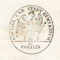 8. Okrągła pieczątka: Koenigl. und Stadt Gymnasium zu Coeslin -
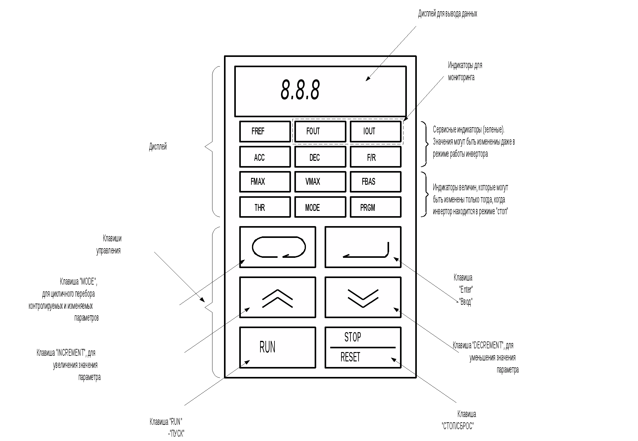 Управляющие входы инвертора подразделяются на дискретные и аналоговые. Задание направления вращения и команды “СТОП” и “ПУСК” подаются только с дискретных входов. Задание частоты вращения может происходить как в цифровой форме, так и в аналоговой. В данной схемной реализации применен аналоговый способ задания частоты (потенциальный) как более наглядный и простой. Он реализуется посредством потенциометра, с которого снимается сигнал 0-10 В и подаётся на вход “FR” (“FC” - общий).
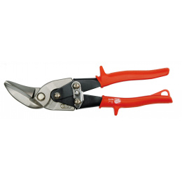 Kvalitné vystrihovacie nožnice na plech s čeľusťami z chróm molybdénovej zliatiny ocele. Tieto vystrihovacie nožnice majú čepele prispôsobené pre ľavé oblúky a priamy strih. Brity majú tzv. mikro ozubenie, ktoré zamedzuje zošmyknutiu plechu mimo os strihu.
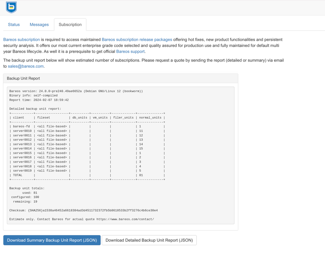 If you have (or want) a service contract for Bareos, the Backup Unit Report can help you keep track of the subscriptions in use. It will compute how many Bareos backup units are needed including optional component like database, virtual machine and filer units.
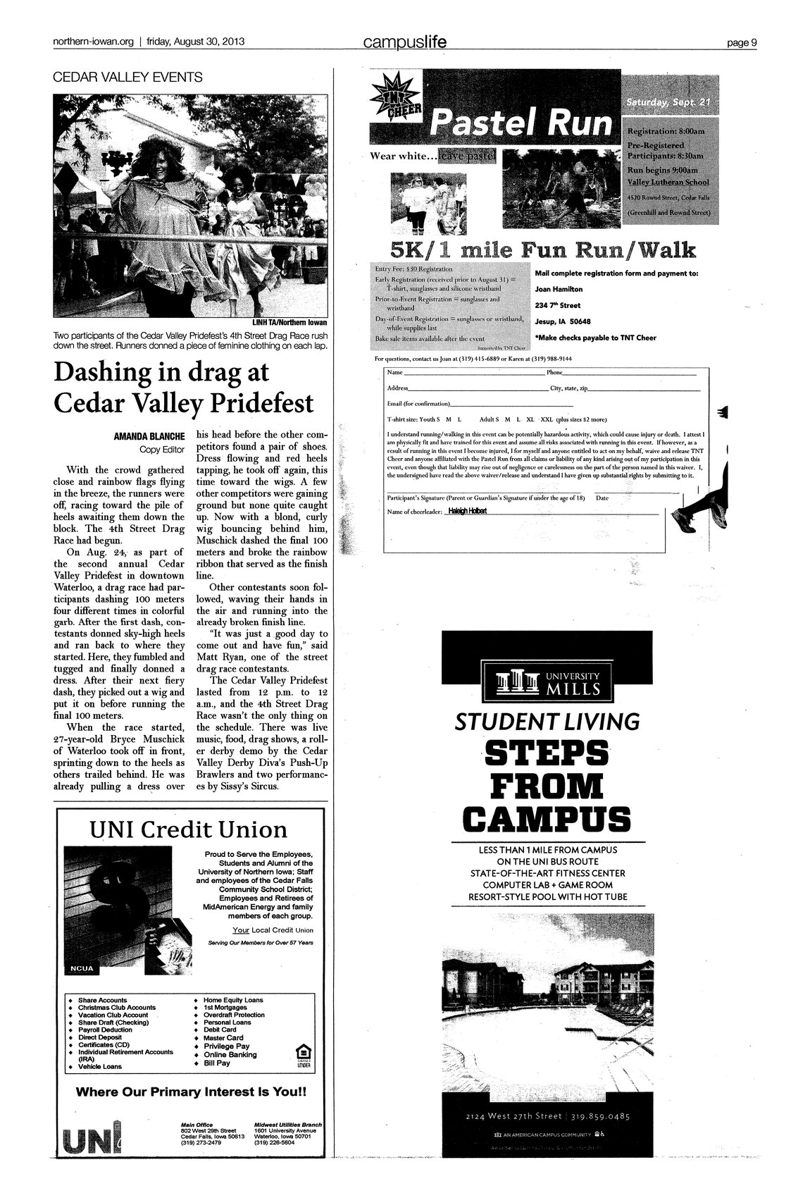 | Dashing in drag at Cedar Valley Pridefest | There were many different events featured at the Cedar Valley Pridefest. One of these events was the 4th Street Drag Race. Participants donned a new article of clothing each leg of the race for a completed drag outfit at the finish; photo. |
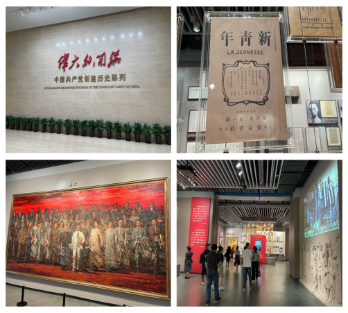 紀(jì)念館展覽主要包括五個部分,第一部分“前赴后繼、救亡圖存”,第二部分“民眾覺醒、主義抉擇”,第三部分“早期組織、星火初燃”,第四部分“開天辟地、日出東方”,第五部分“砥礪前行、光輝歷程”。跟著展覽館的指示牌,黨員同志們一一進行參觀。以文物、圖畫、雕塑等主要素材為依托,借助情景重現(xiàn)、多媒體科技等技術(shù),黨從誕生到發(fā)展壯大這一波瀾壯闊的歷史展現(xiàn)在黨員同志們面前。
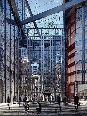 Эксклюзивные дизайнерские элементы: собственное лобби от студии Yorgo Lykouria, свыше 5,5 тысяч световых панелей, итальянская мраморная облицовка арабескато и стеклянный атриум высотой восемь этажей.

## Task brief:
Quote exactly, and only, the lines from the line containing "Kvalitné vystrihovacie nožnice" through the final line of the records above, both included, omitting any pictures.

## Result:
 Kvalitné vystrihovacie nožnice na plech s čeľusťami z chróm molybdénovej zliatiny ocele. Tieto vystrihovacie nožnice majú čepele prispôsobené pre ľavé oblúky a priamy strih. Brity majú tzv. mikro ozubenie, ktoré zamedzuje zošmyknutiu plechu mimo os strihu.
 If you have (or want) a service contract for Bareos, the Backup Unit Report can help you keep track of the subscriptions in use. It will compute how many Bareos backup units are needed including optional component like database, virtual machine and filer units.
 | Dashing in drag at Cedar Valley Pridefest | There were many different events featured at the Cedar Valley Pridefest. One of these events was the 4th Street Drag Race. Participants donned a new article of clothing each leg of the race for a completed drag outfit at the finish; photo. |
 紀(jì)念館展覽主要包括五個部分,第一部分“前赴后繼、救亡圖存”,第二部分“民眾覺醒、主義抉擇”,第三部分“早期組織、星火初燃”,第四部分“開天辟地、日出東方”,第五部分“砥礪前行、光輝歷程”。跟著展覽館的指示牌,黨員同志們一一進行參觀。以文物、圖畫、雕塑等主要素材為依托,借助情景重現(xiàn)、多媒體科技等技術(shù),黨從誕生到發(fā)展壯大這一波瀾壯闊的歷史展現(xiàn)在黨員同志們面前。
 Эксклюзивные дизайнерские элементы: собственное лобби от студии Yorgo Lykouria, свыше 5,5 тысяч световых панелей, итальянская мраморная облицовка арабескато и стеклянный атриум высотой восемь этажей.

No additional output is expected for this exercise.